Deer Run Nature Preserve grows to 914 acres

Through a successful community collaboration, Green Mountain Conservancy adds 627 contiguous acres to the tract that’s home to examples of almost every species of plant and wildlife in the state

DUMMERSTON—Thanks to community support and a successful inter-agency collaboration to preserve Windham County’s biodiversity, the nonprofit Green Mountain Conservancy (GMC) has added 627 acres to the Deer Run Nature Preserve, augmenting the 297 acres bought 18 months ago.

“It feels great, absolutely wonderful; we are absolutely delighted,” said Green Mountain Conservancy President Mary Ellen Copeland, calling the buy “a huge success.”

“It’s a beautiful, beautiful place,” she said. “There are some openings for power lines we have to put up with, and we hope some day we won’t need them, but the openings now make for some spectacular views. We can see forever from up there.”

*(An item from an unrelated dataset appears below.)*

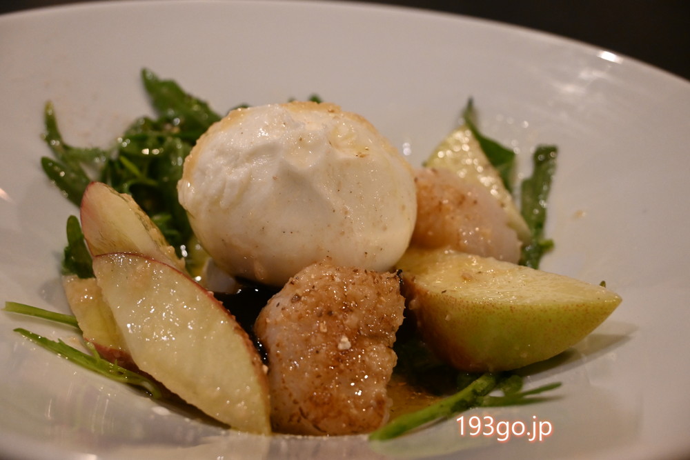 前菜「ホタテと桃とブッラティーナ」

The purchase this week “substantially increases” the preserve’s diversity of plants, animals, and habitats along the ridgeline property rising from the West River and straddling the towns of Dummerston, Brookline, and Newfane.

Additions to the preserve on this land include 2.5 miles of undeveloped shoreline of the West River, substantial grasslands managed for both wildlife and as feed hay, unique southern Appalachian broadleaf forests, nutrient-rich northern broadleaf forests, and nutrient-rich floodplain forests found only on a small number of rivers in Vermont.

The buy represents the completion of Phase 2 of the Conservancy’s plan to preserve acreage here.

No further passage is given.